[Data supplied]:

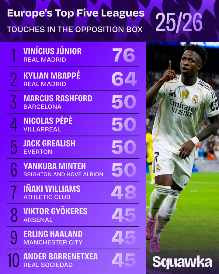虎扑10月16日讯Squawka数据统计本赛季至今五大联赛对方禁区触球榜,维尼修斯第一,姆巴佩第二,拉什福德、格拉利什、佩佩等人并列第三。
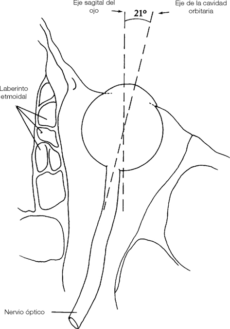 El globo ocular no está en contacto con las paredes, sino separado por distancias fijas (por ejemplo: 6 milímetros de la pared externa y 11 de la interna). Su eje anteroposterior, sensiblemente sagital, forma, con el eje anterosagital, un ángulo de 21 grados. Esta configuración explica los diferentes componentes de acción de los músculos oculomotores y la necesidad de una armonía perfecta en el funcionamiento musculofacial orbitario (cf. capítulo 4) (fig. 9).
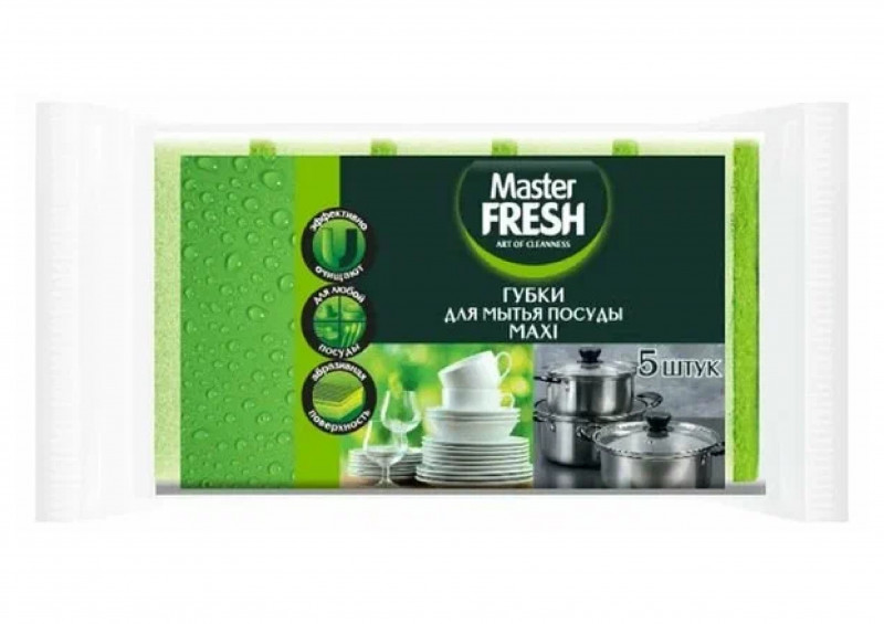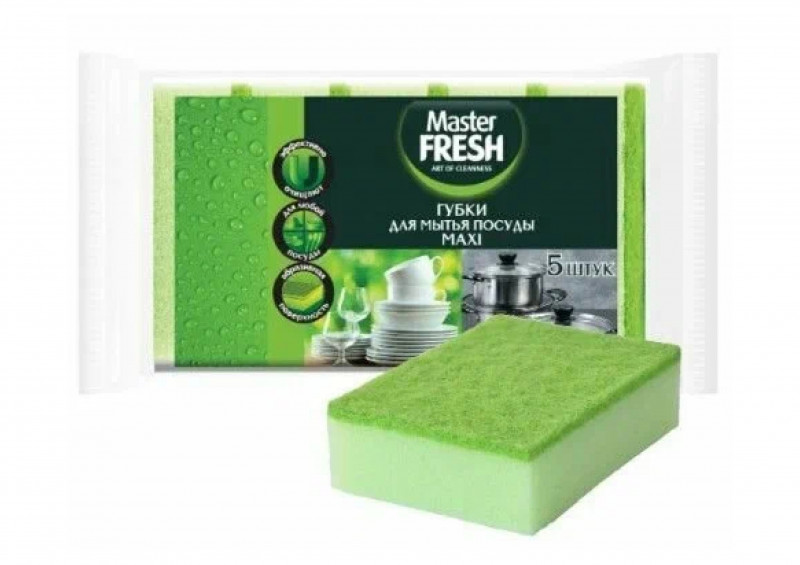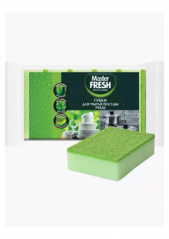 Губки для мытья посуды Master FRESH MAXI эффективны благодаря абразивному слою.
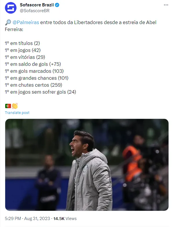 Muito do sucesso do Palmeiras nestes últimos anos é atribuído à permanência e ao trabalho de Abel Ferreira. O treinador português, em um período de dois anos pelo Verdão, já conquistou duas Libertadores, um Campeonato Brasileiro, uma Copa do Brasil, uma Recopa Sul-Americana, uma Supercopa do Brasil e dois Campeonatos Paulistas.
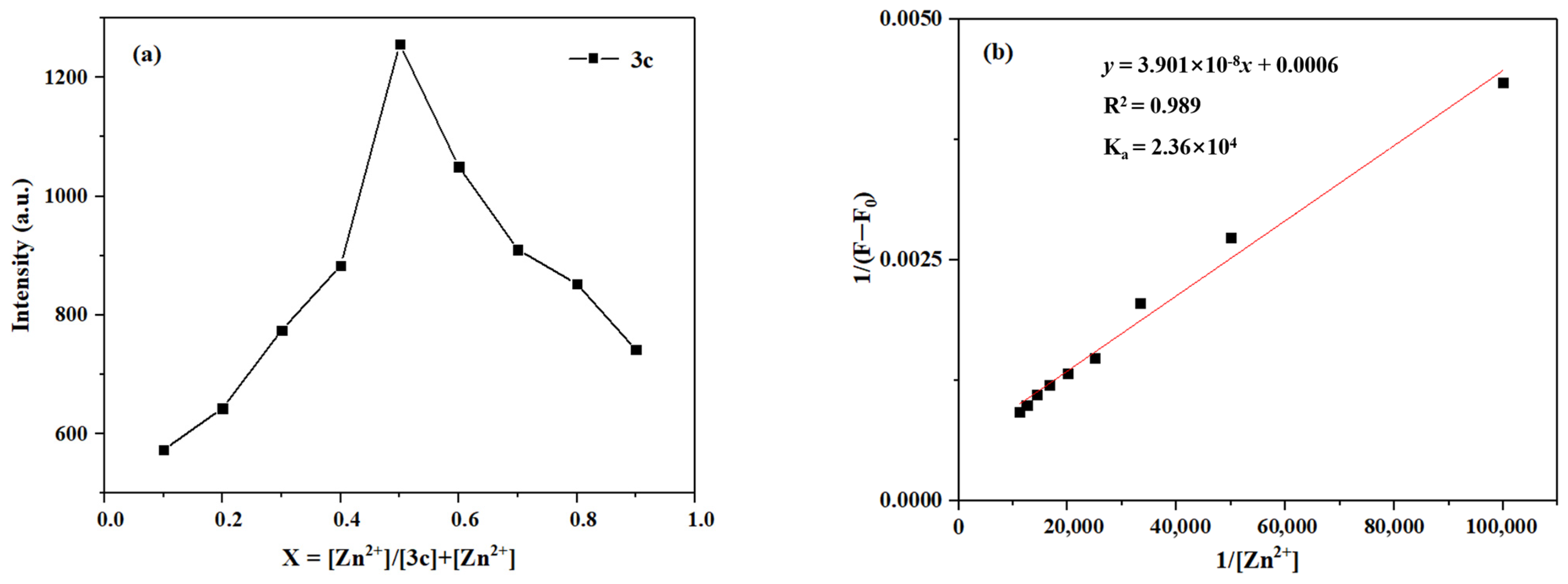 (a) The Job’s plot of 3c-Zn2+; (b) The Benesi–Hildebrand plot of 3c-Zn2+.
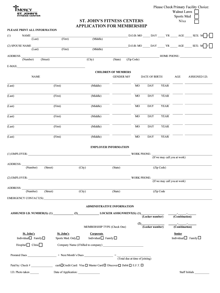 Get the free ST. JOHN’S FITNESS CENTERS APPLICATION FOR MEMBERSHIP
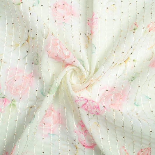 Tea Green And Carnation Pink Floral Pattern Digital Print Premium Sequins Georgette Fabric Tea Green And Carnation Pink Floral Pattern Digital Print Premium Sequins Georgette Fabric

[Task to carry out]:
Restate the data word for word from its first line through the line with "Губки для мытья", leaving out any picture along the way.

[Task answer]:
虎扑10月16日讯Squawka数据统计本赛季至今五大联赛对方禁区触球榜,维尼修斯第一,姆巴佩第二,拉什福德、格拉利什、佩佩等人并列第三。
 El globo ocular no está en contacto con las paredes, sino separado por distancias fijas (por ejemplo: 6 milímetros de la pared externa y 11 de la interna). Su eje anteroposterior, sensiblemente sagital, forma, con el eje anterosagital, un ángulo de 21 grados. Esta configuración explica los diferentes componentes de acción de los músculos oculomotores y la necesidad de una armonía perfecta en el funcionamiento musculofacial orbitario (cf. capítulo 4) (fig. 9).
 Губки для мытья посуды Master FRESH MAXI эффективны благодаря абразивному слою.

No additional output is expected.